An der Lautsprecherbox der Stereoanlage sind ja hinten 2 so Eingänge: + und - (rot & schwarz)

Kennt jemand so ein Kabel? Gibts das bei Conrad?


Gruß ich


----------



## Maik (11. Dezember 2006)

An der Lautsprecherbox wirst du den mp3-Player wohl kaum direkt anschliessen können, dafür aber an den Verstärker einer Stereo-Anlage.

Ich schieb den Thread mal aus der Smalltalk-Ecke ins themenspezifische Forum für "Audiotechnik, Recording & Audio-Software".


----------



## Kurt Cobain (11. Dezember 2006)

Is Halt ich hab da n einzelnen Lautsprecher rumstehn....jetz wollt ich den halt irgendwie an meinen mp3 player anschleißen...

Gibts da nicht irgend ein Adapter oder so was?

gruß ich


----------



## chmee (11. Dezember 2006)

Dein mp3-Player hat gar nicht die Kraft, einen Lautsprecher anzutreiben.
Da ist ein Vorverstärker drin für Kopfhörer, also etwa 500mW. Ne Box sollte
etwa zwischen 20 und 100 Watt benötigen, also das 40-200 fache an Leistung.

Für einen Lautsprecher benötigt man einen Verstärker !

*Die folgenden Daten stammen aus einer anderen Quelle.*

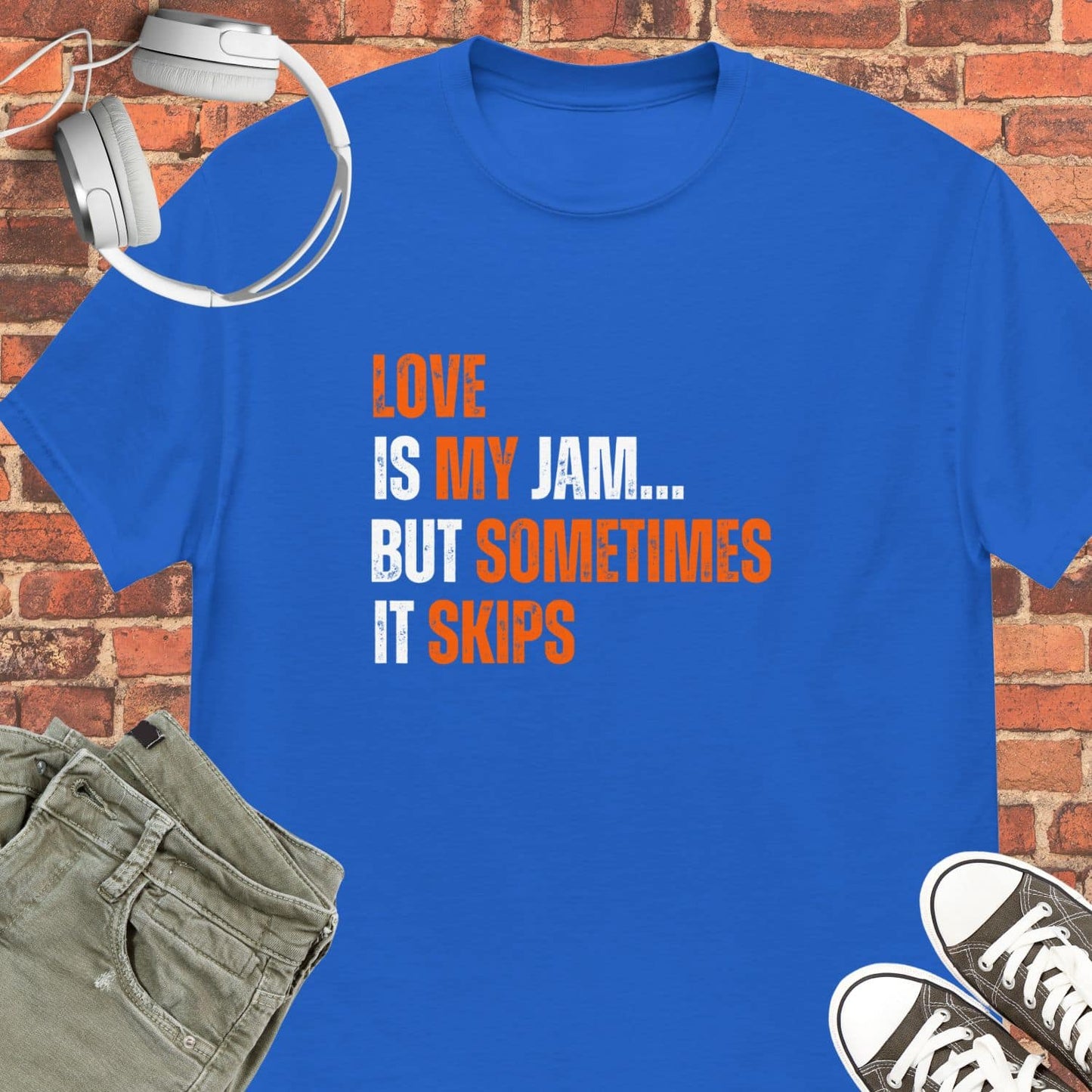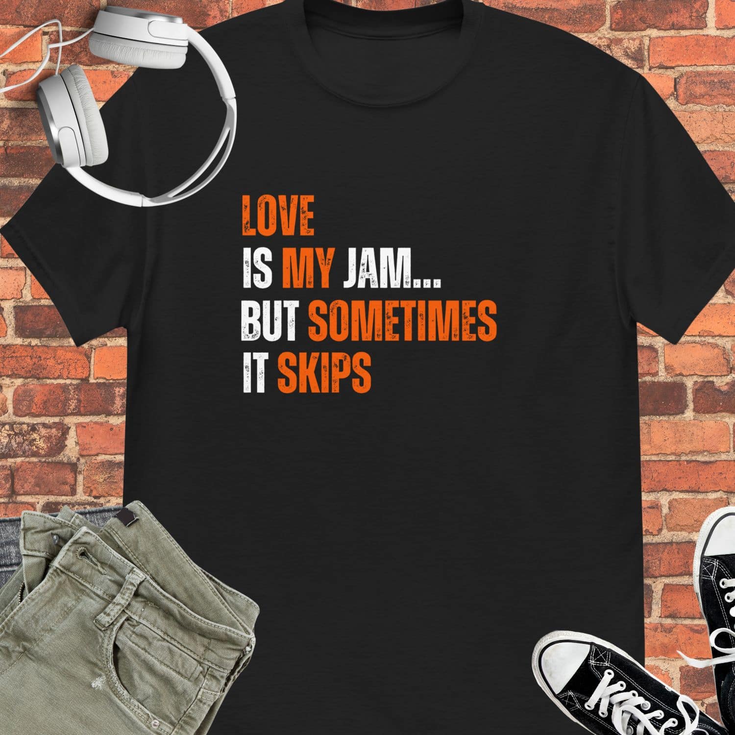 Show your funny side with our Love is My Jam Unisex tee! This funny and romantic shirt is perfect for romantic people and music lovers, Because you still believe in love. Get your tee now!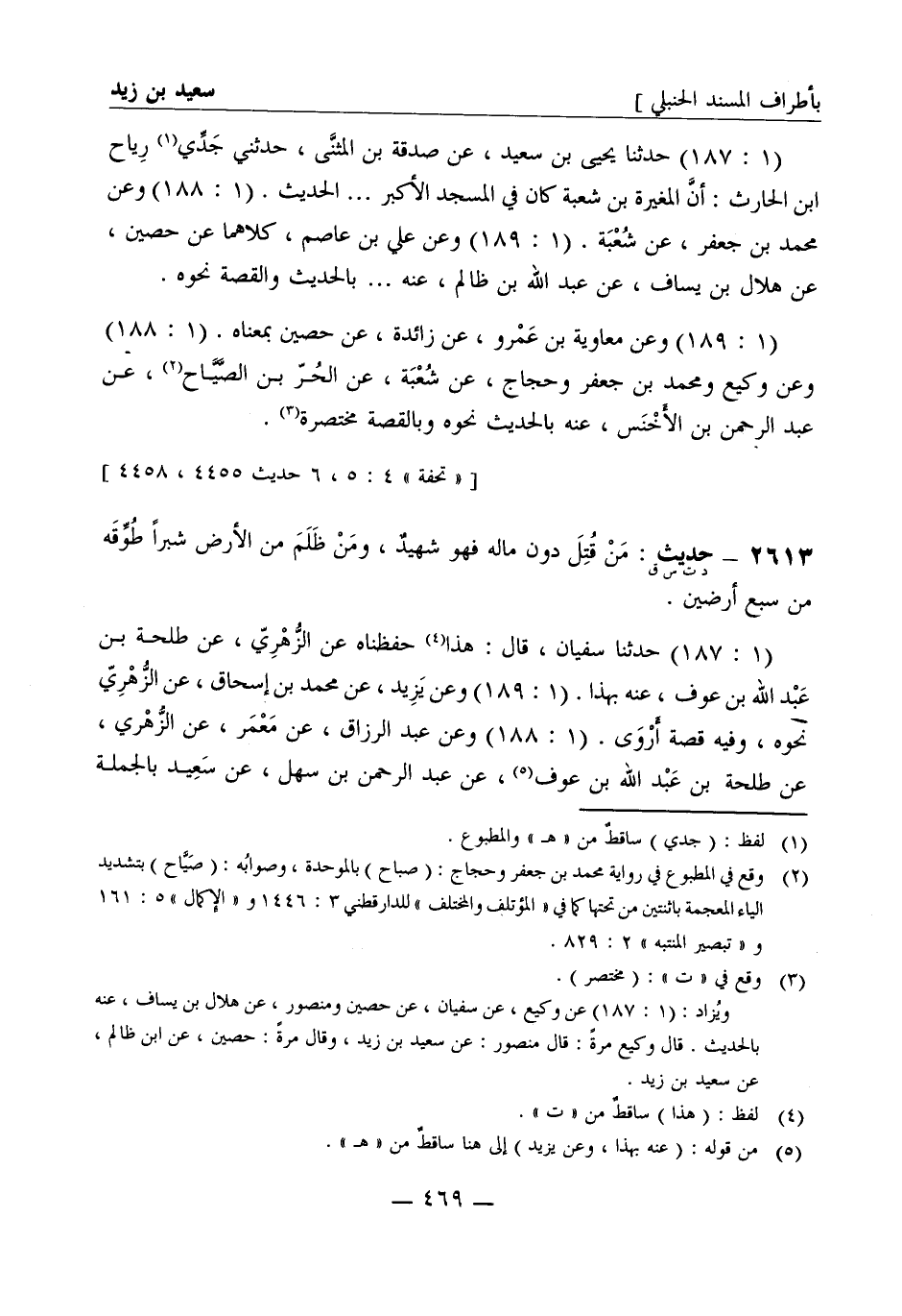 2614 -[د ت س ق] حديث: من قتل دون ماله فهو شهيد ومن ظلم من الأرض شبرا طوقه من سبع أرضين (1: 187) حدثنا سفيان قال هذا حفظناه عن الزهري عن طلحة بن عبد الله بن عوف عنه بهذا (1: 189) وعن يزيد عن محمد بن إسحاق عن الزهري نحوه وفيه قصة أروى (1: 188) وعن عبد الرزاق عن معمر عن الزهري عن طلحة بن عبد الله بن عوف عن عبد الرحمن بن سهل عن سعيد بالجملة -[470]- الثانية قال معمر وبلغني عن الزهري ولم أسمعه منه زاد في هذا الحديث ومن قتل دون ماله فهو شهيد (1: 189) وعن أبي اليمان عن شعيب عن الزهري بإسناد معمر بالجملة الثانية (1: 188) وعن يحيى وابن نمير عن هشام عن أبيه عروة عنه بذلك (1: 188، 190) وعن يزيد بن هارون عن ابن أبي ذئب عن الحارث بن عبد الرحمن عن أبي سلمة أن مروان قال اذهبوا فأصلحوا بين هذين لسعيد وأروى..... فذكر معناه ولم يذكر الجمل الأولى وزاد ومن تولى مولى قوم بغير إذنهم فعليه لعنة الله ومن اقتطع مال امرئ مسلم بيمين فلا بارك الله له فيها

( Natürlich gibt es viele verschiedene Lautsprecher zu verschiedenen Leistungen,
bringe hier nur Beispielwerte ! )

mfg chmee


----------



## Afrokalypse (12. Dezember 2006)

wie soll n mp3-player das ding mit strom versorgen?das viel zu wenig...

du kanst dir theoretisch n verstärker dazwischen klemmen,aber direkt wirste das nich hinbekommen...du kannst mit men cinch auf klinke (3,5mm) kabel mitm mp3 annen verstärker aber sonst nix...hoffe konnte dir helfen


----------